How about legislation to forbid HUD, Fannie Mae, other secondary mortgage holders, and persons engaged in interstate mortgage transactions from proceeding with foreclosures against owner/occupants for a full year — or until the foreclosing party has:
- clearly identified the mortgage-holding entity and its legally responsible agent; and
- demonstrated to a Federally authorized consumer protection agency that the original mortgage was not the product of fraud or deceit, and that a good-faith effort has been made to work out the delinquency and/or restructure an
unreasonableimpossible payment requirement; and - demonstrated its readiness to bring the foreclosed property up to code prior to resale, or the existence of an alternative plan acceptable to the local code authority?

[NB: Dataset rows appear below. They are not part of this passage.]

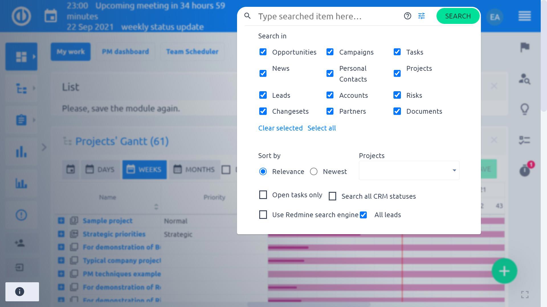 Przyspieszyliśmy nasze wyszukiwanie w aplikacji, wykorzystując nową technologię i porzucając starszą wersję natywnego wyszukiwania Redmine. Teraz jest to ponad 10-krotnie szybsze i oferuje również bardziej przejrzysty i nowoczesny interfejs użytkownika wyników wyszukiwania w widoku modalnym.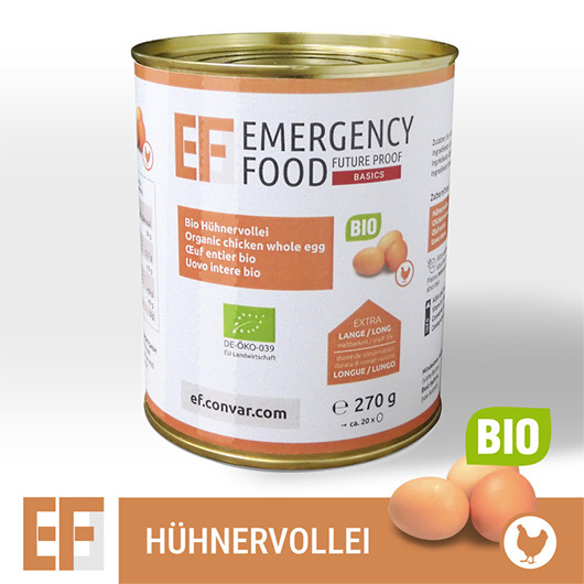 Emergency Food Basic Notration Bio Hühnervollei 270g Dose ergibt ca. 20 Eier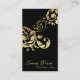 Conceptions de ©2011 Pam. Ces noir élégant et audacieux et carte de visite feuillu floral d'agent immobilier de monogramme de remous d'or fournit une stupéfaction, le professionnel recherchent votre spa et salon. Ce carte de visite d'agent immobilier est entièrement personnalisable et peut être personnalisé pour répondre à vos besoins d'affaires. Ce vrai carte de visite de monogramme d'agent immobilier peut également être customisé pour répondre à d'autres besoins d'affaires tels que des techniciens d'ongle, des couturiers, des magasins de détail, des agents immobiliers, des brocanteurs, des détaillants, des maquilleurs, des dessinateurs d'intérieurs et des décorateurs, des coiffeurs, des couturiers, des bijoutiers, et d'autres entreprises orientées par style.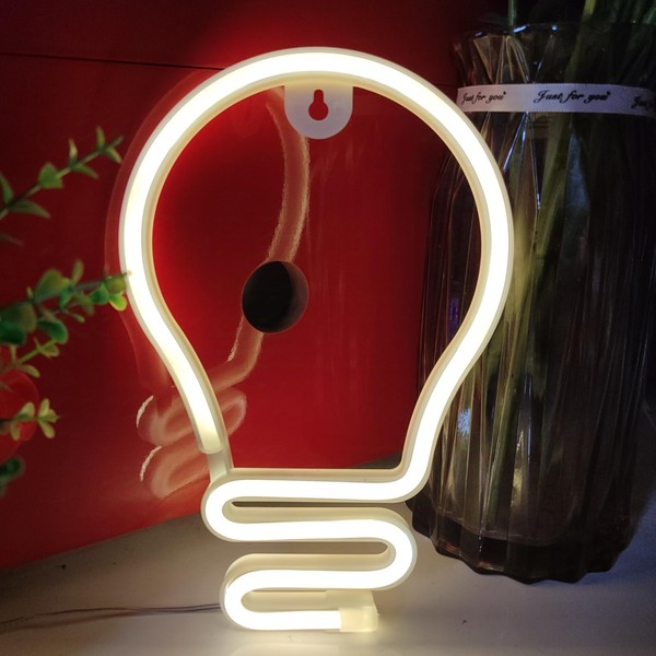 JYWJ Bulb Neon Light,USB or 3-AA Battery Powered Neon Signs,LED Desktop Wall Decoration,Various Parties,Decoration Of Business Premises (Warm)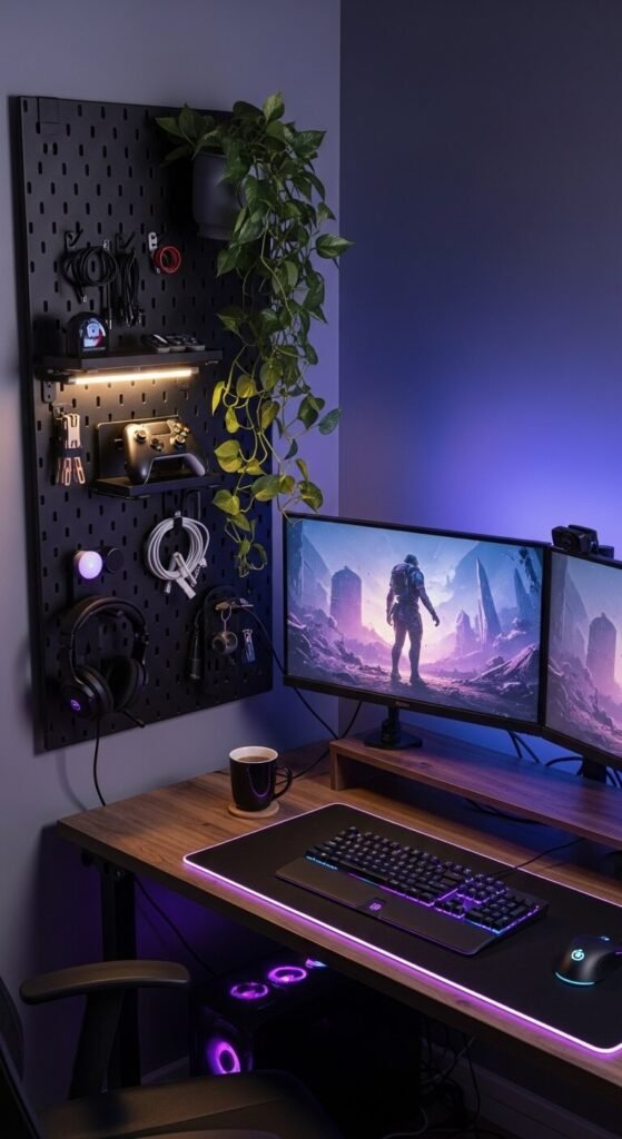 A pegboard beside a gaming or media desk handles all the accessories that clutter a desktop. Mount a headset hook so your headphones have a dedicated spot off your desk. Use a small shelf bracket to hold a controller charging dock. Run cable clips along the edge to manage wires from monitors and consoles. Add a small plant in a hanging planter for balance. A matte black board with black hooks disappears into a dark gaming room and looks completely intentional — like part of the original desk build.

And why aren’t our Democrats calling for an “impacted communities fund” of, like, $20 billion to help communities deal with the terrible damage they’ve already sustained? Let’s see, maybe Congress could give mortgage bankers a choice between ponying up for such a fund — or retroactive civil liability for any and all capital losses suffered as a result of their collusion or negligence in originating loans based on fraudulent representations or appraisals, including losses to nearby property owners. That would lead to some interesting class action suits, don’t you think?
If these ideas seem radical to you, well, forgive me but I don’t think you’ve quite grasped what’s going on. That’s understandable — the mortgage crisis is so big and complex and scary and radical that hardly anyone can see it whole, and nobody really wants to be responsible for confronting it. (Which is why having Jim Rokakis in countywide office is an unbelievable stroke of good luck for us.)
The truth is, a national foreclosure moratorium, “prior accountability” for the foreclosers, and emergency financial help for impacted communities wouldn’t be radical surgery. They’d be no more than tourniquets, bandages, sutures and antibiotics for emergency treatment of a disaster site full of bleeding victims — our communities.
Seems to me that if you’re a Democratic Congressman, a member of the Majority, from one of those bleeding communities — from Cleveland, Akron, Youngstown, Toledo — or a Democratic Senator from the most foreclosure-ridden state in the Union, fighting for this kind of emergency intervention is the least your voters should be able to expect from you.